━━━━━ SOURCE MATERIAL
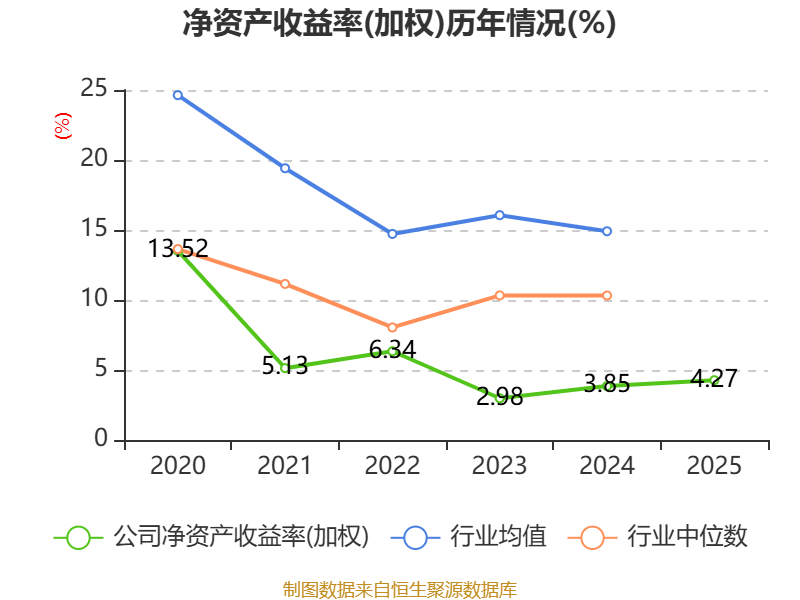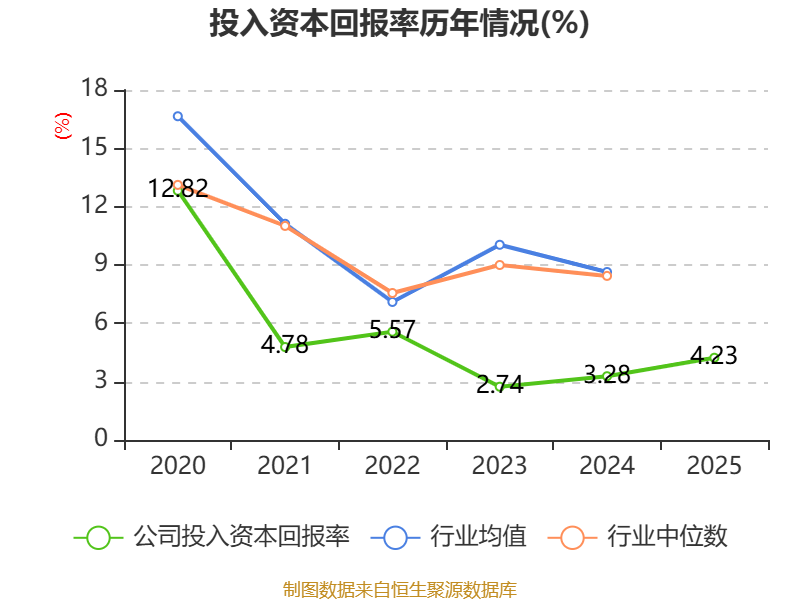 数据显示,2025年公司加权平均净资产收益率为4.27%,较上年同期上升0.42个百分点。公司2025年投入资本回报率为4.23%,较上年同期上升0.95个百分点。
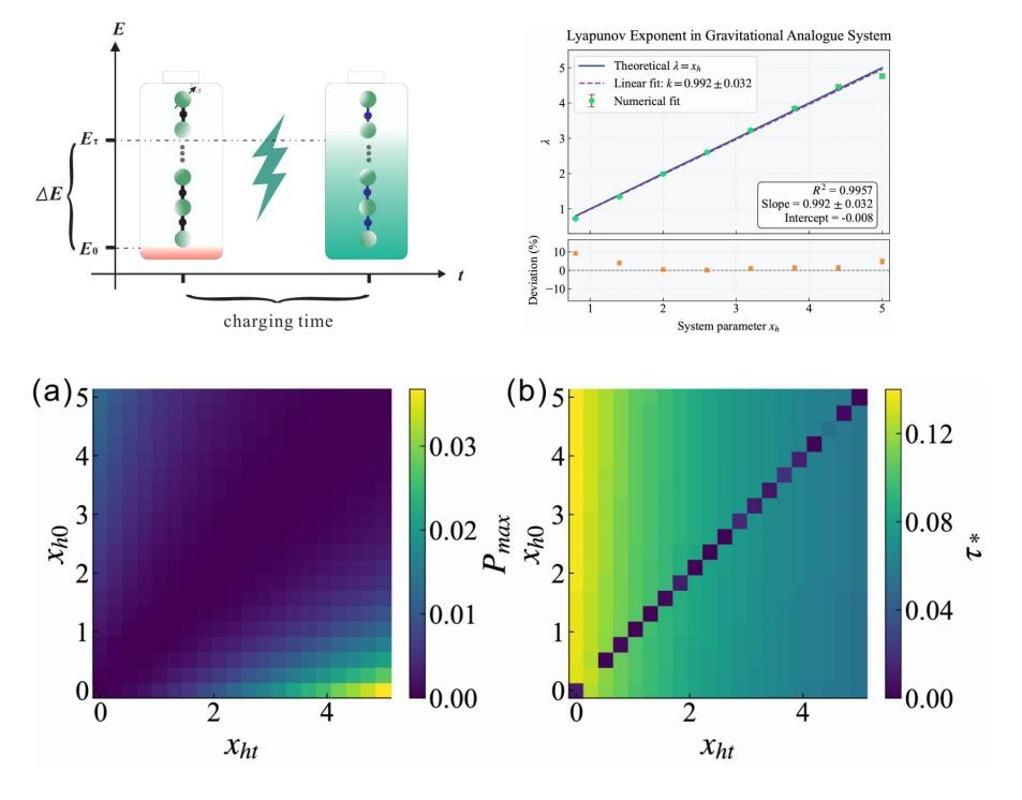 图 1 引力系统量子电池模型及充电示意图(左上),黑洞置乱行为数值拟合结果(右上),淬火带来的性能优化最大功率(左下)和最佳充电时间(右下)的数值结果。
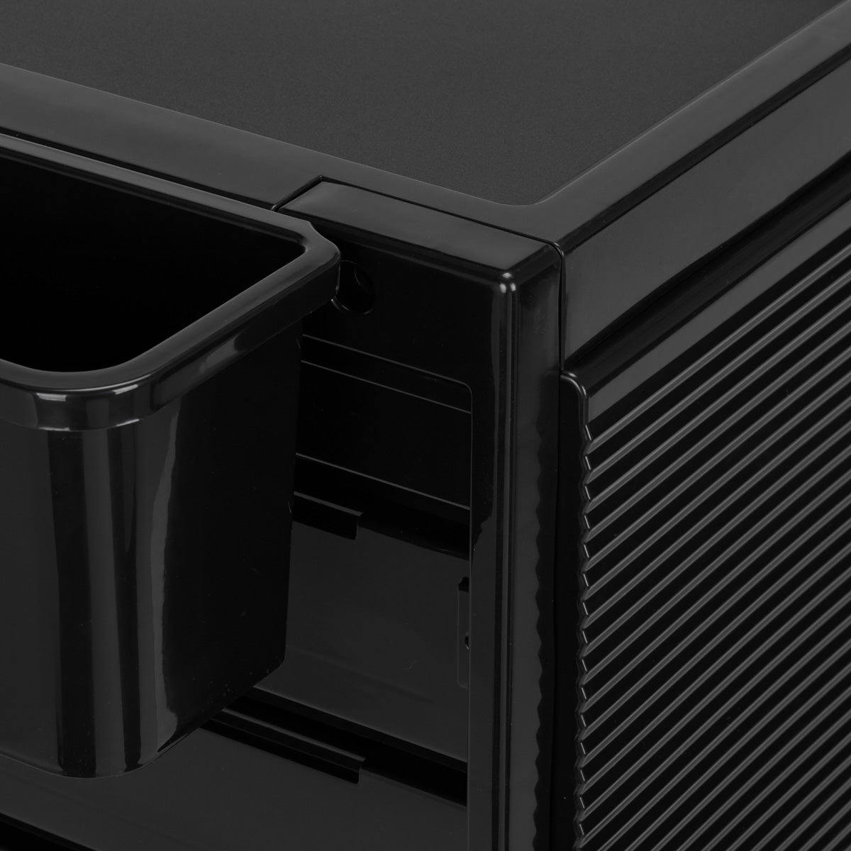 Paprastas pagalbininko stilius tinka bet kokiam interjerui. Pagamintas iš lengvai valomo, patvaraus materialo, šis juodos spalvos baldas žymiai pagerins darbą bet kuriame grožio salone. Guminiai ratukai suteikia mobilumą, leidžiantį jį laisvai ir sklandžiai judinti pagal poreikį – tiek procedūrų metu prie kirpėjo kėdės, tiek padedant į šalį po paslaugos. Juos taip pat galima lengvai nuimti, jei reikia. Šis pagalbininkas bus ypač naudingas tiems, kurie vertina funkcionalumą.
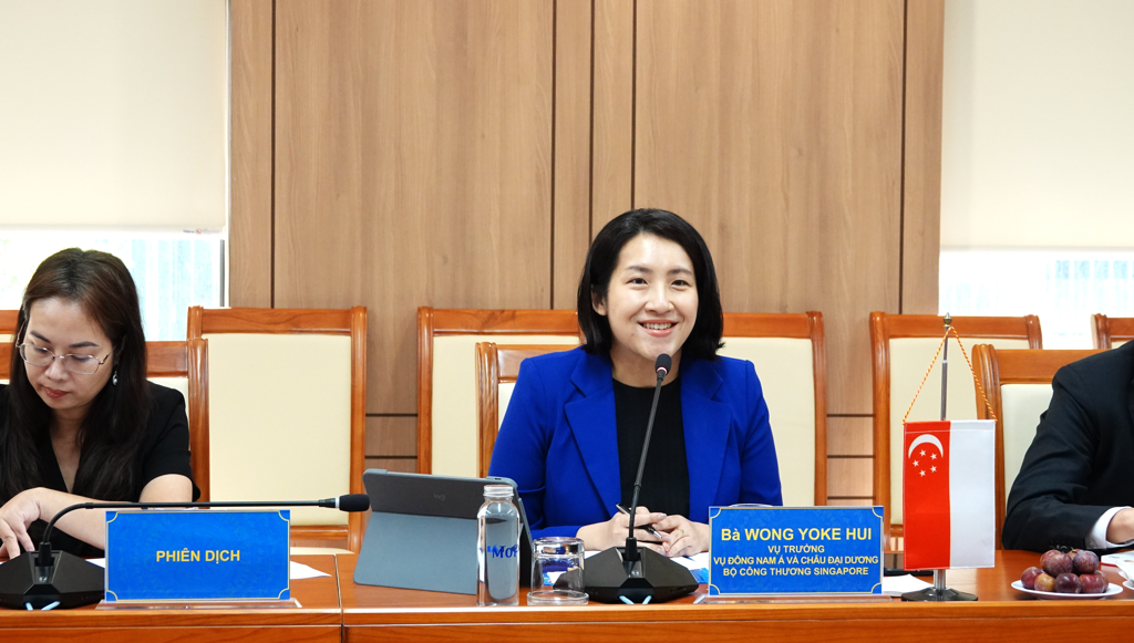 Bà Wong Yoke Hui - Vụ trưởng Vụ Đông Nam Á và Châu Đại dương, Bộ Công Thương Singapore phát biểu tại Phiên họp. Ảnh: MOF
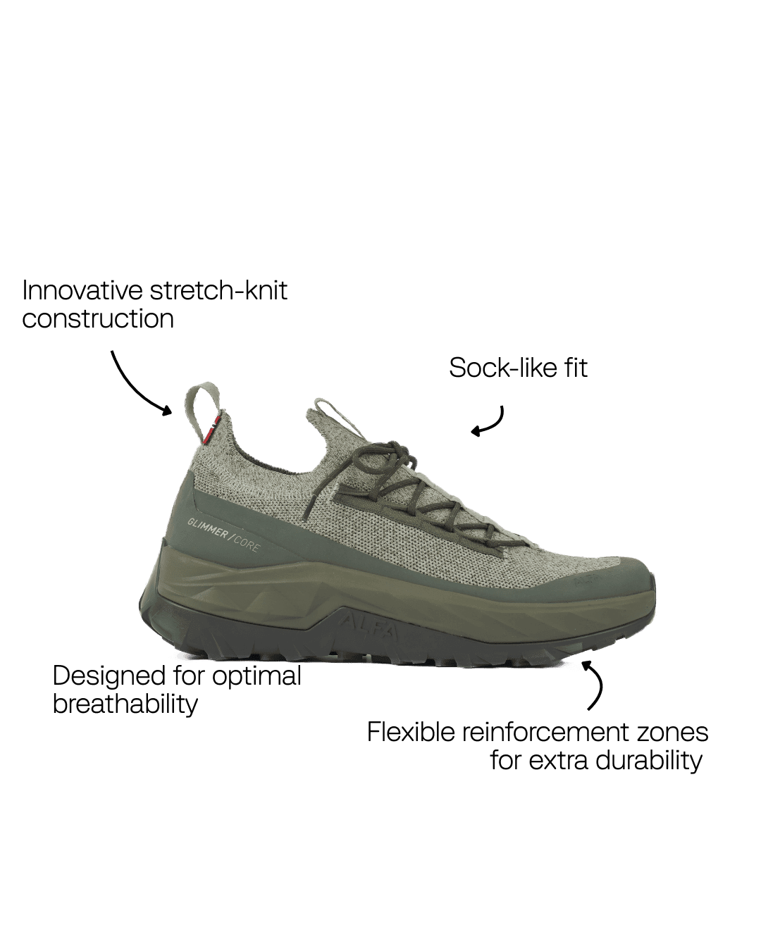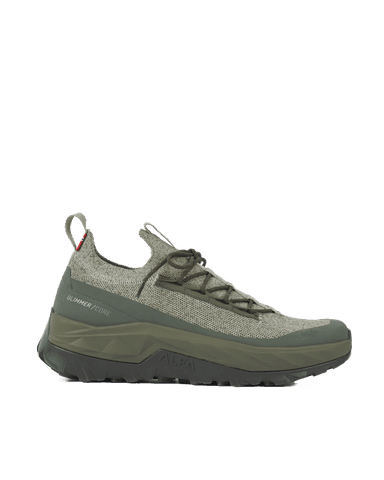 Glimmer is designed for active days where comfort, flexibility, and breathability are essential. Built with an innovative knitted upper, it delivers a sock-like fit that adapts naturally to your foot while maintaining support and stability where you need it most. Why Choose Glimmer? Sock-Like Precision Fit. The stretch-knit construction runs seamlessly from the collar to the U-throat, wrapping your foot for a snug, adaptive fit that moves naturally with every step. Breathable All-Day Comfort. The knitted upper allows constant airflow while maintaining structure - keeping your feet cool and comfortable during active use. Secure Midfoot Hold. A smooth-pull lacing system locks in the midfoot for stability and prevents heel backslip, even during dynamic movement. Lightweight by Design. Crafted with a durable yet featherlight knit, Glimmer delivers freedom of movement without sacrificing support. Sustainable Performance Materials. The upper is made from 50% Tencel™ and 50% GRS-certified recycled polyester. Protected Where It Counts. Flexible reinforcement zones add abrasion resistance and protection in high-wear areas, increasing durability without restricting movement. Keeps Debris Out Integrated stretch zones help seal out dirt and trail debris while maintaining breathability and flexibility. Designed for Movement Without Limits Whether you’re exploring new trails or staying active all day, Glimmer delivers breathable comfort, adaptive fit, and reliable protection in a lightweight package. Footprint 50% GRS Recycled Polyester Repairable solutions PFAS free
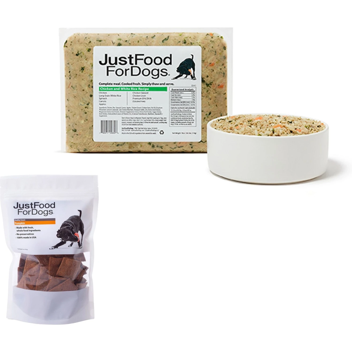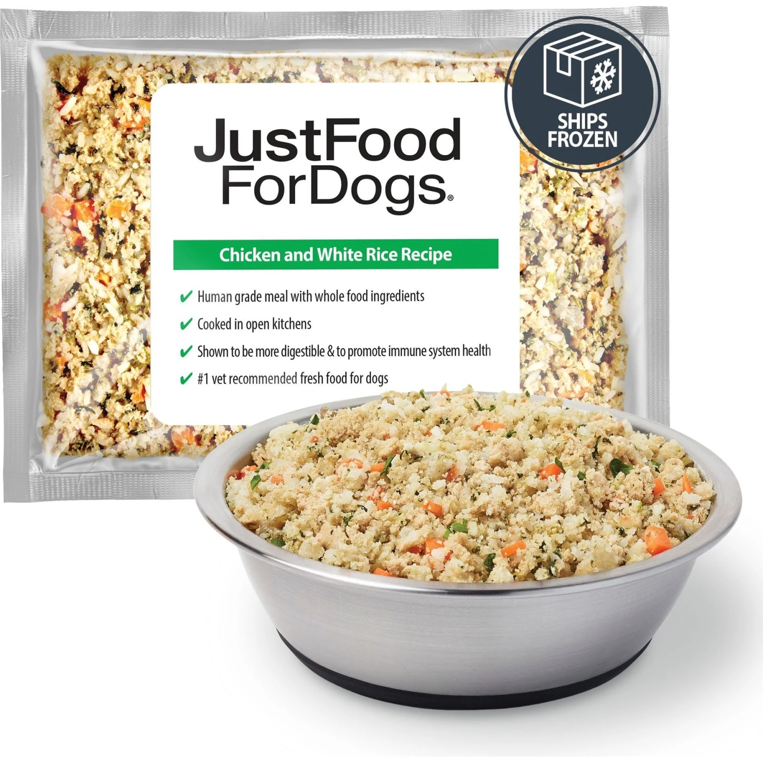 JustFoodForDogs Chicken & White Rice Recipe Frozen Human-Grade Fresh Dog Food, 18-oz pouch, case of 7—Help your pet experience the joy of a healthy life with this JustFoodForDogs Chicken & White Rice Recipe Fresh Frozen Dog Food. This dog food is crafted with real, human-grade ingredients that you can see! With chicken thighs, long-grain white rice, spinach, carrots and apples, your dog will get to experience the benefits of a whole food diet. Every batch is hand-prepared in open kitchens and lightly cooked—this ensures that each ingredient is helping to deliver the outstanding nutrition that your dog deserves. Great for puppies and adult dogs, this recipe is high in calcium and phosphorus, which help promote healthy bone and tissue growth. Along with 100% human grade ingredients, this recipe contains easy-to-digest fresh foods—helping support healthy digestion—and the JFFD Omega Plus veterinary supplement—a fish oil rich in omega fatty acids that promote skin and coat health. And since JustFoodForDogs’ meals are frozen, you can have peace of mind knowing that they are completely free from preservatives and other harmful materials. Make the change and discover the difference that a fresh, whole food diet can make in your pup’s life!
━━━━━━━━━━
REQUIRED ACTION -
Print only the lines from the first line of the data above through the one containing "Bà Wong Yoke", exactly as they are, with pictures omitted.

THE ANSWER -
 数据显示,2025年公司加权平均净资产收益率为4.27%,较上年同期上升0.42个百分点。公司2025年投入资本回报率为4.23%,较上年同期上升0.95个百分点。
 图 1 引力系统量子电池模型及充电示意图(左上),黑洞置乱行为数值拟合结果(右上),淬火带来的性能优化最大功率(左下)和最佳充电时间(右下)的数值结果。
 Paprastas pagalbininko stilius tinka bet kokiam interjerui. Pagamintas iš lengvai valomo, patvaraus materialo, šis juodos spalvos baldas žymiai pagerins darbą bet kuriame grožio salone. Guminiai ratukai suteikia mobilumą, leidžiantį jį laisvai ir sklandžiai judinti pagal poreikį – tiek procedūrų metu prie kirpėjo kėdės, tiek padedant į šalį po paslaugos. Juos taip pat galima lengvai nuimti, jei reikia. Šis pagalbininkas bus ypač naudingas tiems, kurie vertina funkcionalumą.
 Bà Wong Yoke Hui - Vụ trưởng Vụ Đông Nam Á và Châu Đại dương, Bộ Công Thương Singapore phát biểu tại Phiên họp. Ảnh: MOF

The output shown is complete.